Diliberto, confederare tutta la sinistra. "Il Pd avrà una deriva moderata"

RIMINI - Mano tesa a Bertinotti e ai socialisti. Dal palco del quarto congresso dei Comunisti italiani il segretario del partito Oliviero Diliberto rilancia l'idea di confederare tutte le forze di sinistra. Gli risponde, dallo stesso palco, Romano Prodi insistendo sulla "collocazione di centrosinistra" della nuova formazione e sulla volontà di "non discriminare nessuno".

Il segretario dei Comunisti italiani lancia dunque la sfida della riunificazione a sinistra, ma non pensa solo ai partiti: "Riproponiamo ai soggetti della sinistra, non solo ai partiti ma anche alle associazioni, alle organizzazioni dei lavoratori, ai giornali della sinistra, alle singole personalità, a tutti insomma, riproponiamo di iniziare finalmente a parlarci e a ragionare non più sul se, ma sul come procedere sulla strada dell'unità".

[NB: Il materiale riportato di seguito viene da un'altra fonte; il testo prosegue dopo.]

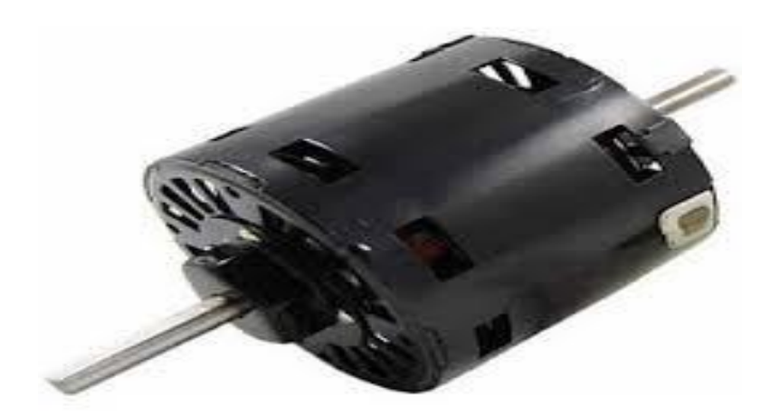
Fig.no 2.2 ac motor

The first thing to do in an AC motor is to create a rotating field. 'Ordinary' AC from a 2 or 3 pin socket is single phase AC--it has a single sinusoidal potential difference generated between only two wires--the active and neutral. With single phase AC, one can produce a rotating field by generating two currents that are out of phase using for example a capacitor. In the example shown, the two currents are 90° out of phase, so the vertical component of the magnetic field is sinusoidal, while the horizontal is cosusoidal, as shown. This gives a field rotating counterclockwise. In this animation, the graphs show the variation in time of the currents in the vertical and horizontal coils. The plot of the field components B_x and B_y shows that the vector sum of these two fields is a rotating field. The main picture shows the rotating field. It also shows the polarity of the magnets: as above, blue represents a North pole and red a South pole.

Quanto al Partito democratico, il giudizio di Diliberto è tutt'altro che positivo. "Si tratterà di un partito di centro-sinistra che guarda al centro, ribaltando il vecchio assunto della Democrazia cristiana. La deriva, anche al di là della volontà dei singoli e della enorme buona fede dei militanti - carne della nostra carne - sarà inevitabilmente moderata".
Ad ogni modo non mette in dubbio i rapporti all'interno dell'alleanza di governo. "Saranno nostri alleati - ha detto Diliberto - certo. Gli rivolgiamo sinceri auguri. Ma è un approdo diverso da quello della sinistra, nonché diverso anche da quello dell'Ulivo originario, tanto caro ad Arturo Parisi."

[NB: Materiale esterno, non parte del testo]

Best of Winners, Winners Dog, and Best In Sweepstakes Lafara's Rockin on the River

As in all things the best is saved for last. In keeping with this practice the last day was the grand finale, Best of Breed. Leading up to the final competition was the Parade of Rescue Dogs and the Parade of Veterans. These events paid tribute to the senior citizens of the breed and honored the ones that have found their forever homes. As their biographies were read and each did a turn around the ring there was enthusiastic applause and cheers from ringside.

Nel pomeriggio l'atteso intervento del premier Romano Prodi: "Il nuovo partito non è uno strappo nella storia della sinistra e sarà un partito non rivolto al centro ma di centrosinistra". Ancora più chiaro e netto il premier che davanti alla platea di Rimini dove sono riuniti i delegati del partito dei Comunisti italiani, usa un eloquio inedito rispetto al suo tradizionale: "Sia chiaro - ha detto - il Partito Democratico non impone né guide moderate né inciuci". E conclude: "Non pensate a un processo che si esaurisce, a un ripiegamento obbligato, a due debolezze che si uniscono per trovare forza: il Partito democratico è forza moderna e riformista, è esigenza collettiva".